▸ REQUIRED ACTION: Go through the data and copy every line exactly, but not the images.

──────── SOURCE MATERIAL ────────

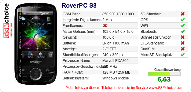 Daten des Mobiltelefons RoverPC S8 auf Ihrer Seite
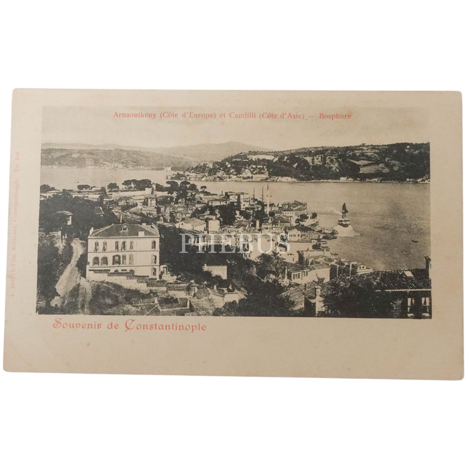 İstanbul, Boğaziçi - Arnavutköy´den Kandilli´ye bakış, "Souvenir de Constantinople - Arnaoutkeuy (Cote d´Europe) et Candilli (Cote d´Asie) - Bosphore", ed. A. Zellich-Fils, Constantinople, 14x9 cm...
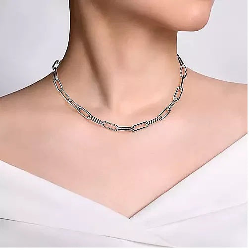 Sterling Silver 16 Inch Bujukan Paper Clip Chain Necklace. This sterling silver paperclip necklace measures 17 inches in length and features oval links made of sterling silver. Designed by Gabriel & Co.
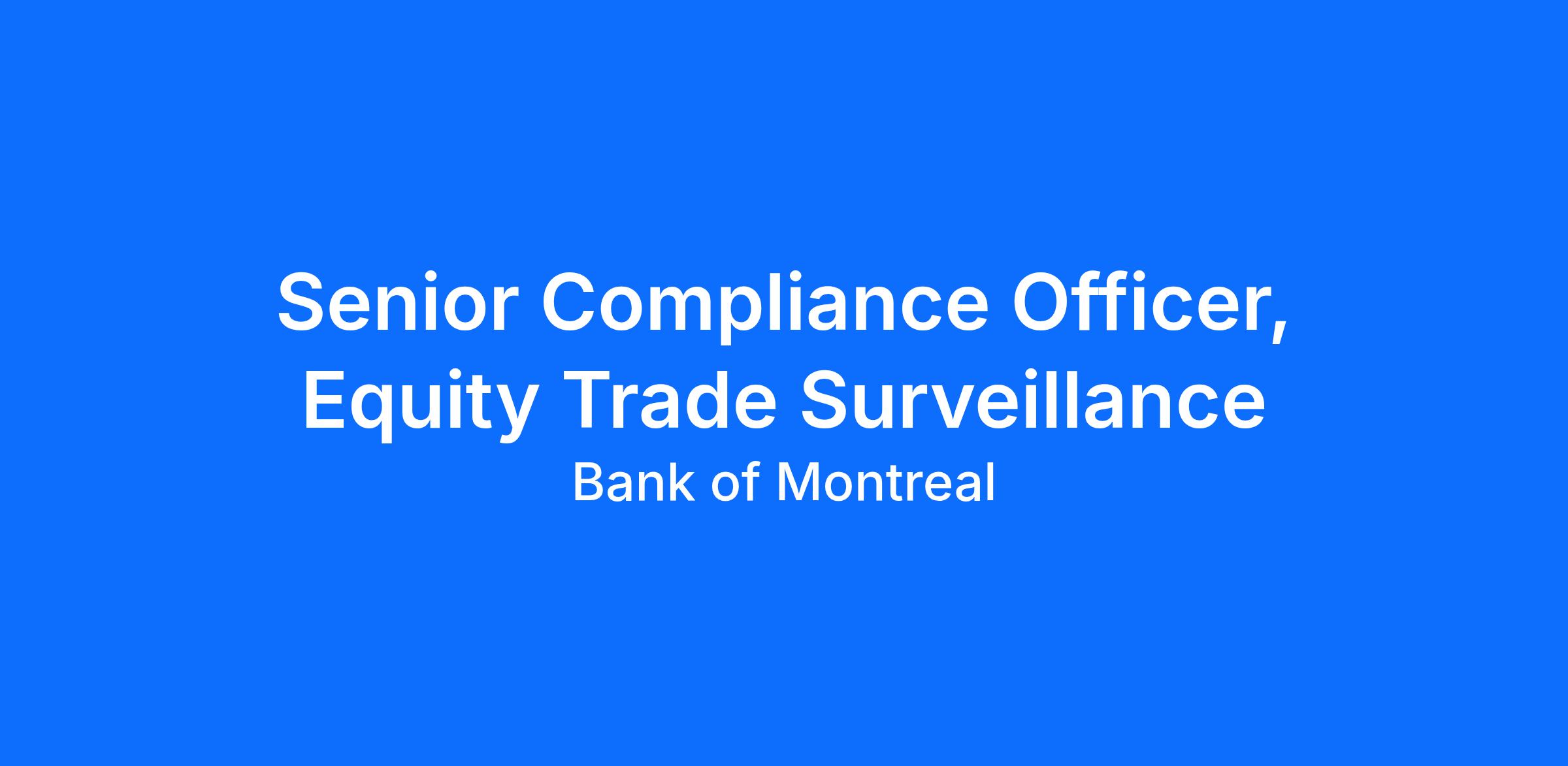 Reporting to the Director of Trade Surveillance, the Compliance Officer supports the implementation, maintenance, and administration of the compliance and risk monitoring program for Global Markets (Canada). This role conducts risk assessment, monitoring, and surveillance activities to ensure alignment with the Enterprise‑wide Compliance Program, regulatory requirements, corporate policies, and risk appetite. The Compliance Officer partners with Capital Markets LOBs and internal stakeholders to meet regulatory, corporate, and fiduciary obligations. The role maintains current regulatory knowledge, identifies and addresses compliance gaps, advises on regulatory implications of new policies or products, and supports the development and implementation of revised controls, policies, and programs. The Officer maintains compliance information for analysis and reporting.

────────

▸ OUTPUT FOR THIS TASK:
 Daten des Mobiltelefons RoverPC S8 auf Ihrer Seite
 İstanbul, Boğaziçi - Arnavutköy´den Kandilli´ye bakış, "Souvenir de Constantinople - Arnaoutkeuy (Cote d´Europe) et Candilli (Cote d´Asie) - Bosphore", ed. A. Zellich-Fils, Constantinople, 14x9 cm...
 Sterling Silver 16 Inch Bujukan Paper Clip Chain Necklace. This sterling silver paperclip necklace measures 17 inches in length and features oval links made of sterling silver. Designed by Gabriel & Co.
 Reporting to the Director of Trade Surveillance, the Compliance Officer supports the implementation, maintenance, and administration of the compliance and risk monitoring program for Global Markets (Canada). This role conducts risk assessment, monitoring, and surveillance activities to ensure alignment with the Enterprise‑wide Compliance Program, regulatory requirements, corporate policies, and risk appetite. The Compliance Officer partners with Capital Markets LOBs and internal stakeholders to meet regulatory, corporate, and fiduciary obligations. The role maintains current regulatory knowledge, identifies and addresses compliance gaps, advises on regulatory implications of new policies or products, and supports the development and implementation of revised controls, policies, and programs. The Officer maintains compliance information for analysis and reporting.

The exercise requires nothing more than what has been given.